INSTRUCTIONS TO FOLLOW
The required result is an exact copy of every line from the one with "Ubuntu 和其他 Debian" through the last line below, with the pictures left out.

MATERIAL PROVIDED

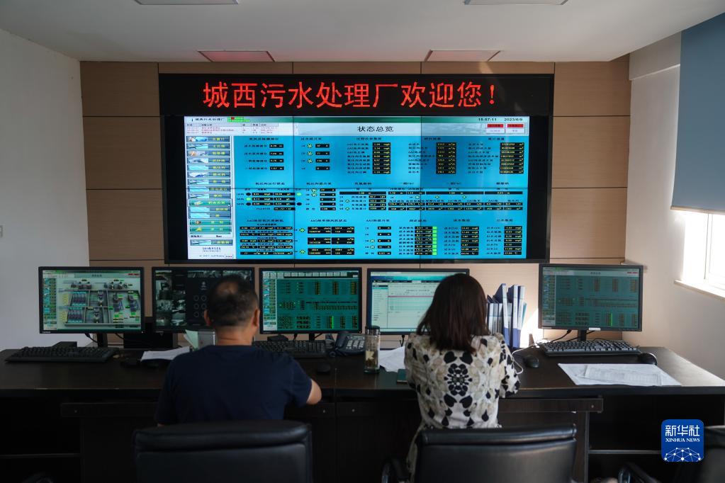 6月9日,工作人員在監控污水處理廠(chǎng)運行情況。
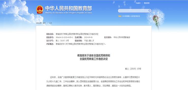 2019年9月4日“教育部关于表彰全国优秀教师和全国优秀教育工作者的决定”【教人〔2019〕15号】的名单中我院宁贵霞教授获得“全国优秀教师”称号。
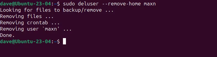 Ubuntu 和其他 Debian 派生发行版具有 deluser 命令来从系统中删除用户。不基于 Debian 的发行版则使用 userdel 命令。
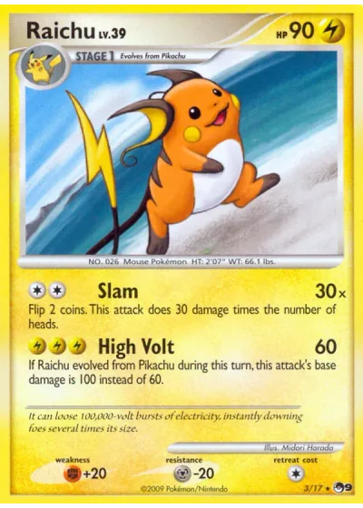If Raichu evolved from Pikachu during this turn, this attack’s base damage is 100 instead of 60.

ANSWER TO THIS TASK
 Ubuntu 和其他 Debian 派生发行版具有 deluser 命令来从系统中删除用户。不基于 Debian 的发行版则使用 userdel 命令。
If Raichu evolved from Pikachu during this turn, this attack’s base damage is 100 instead of 60.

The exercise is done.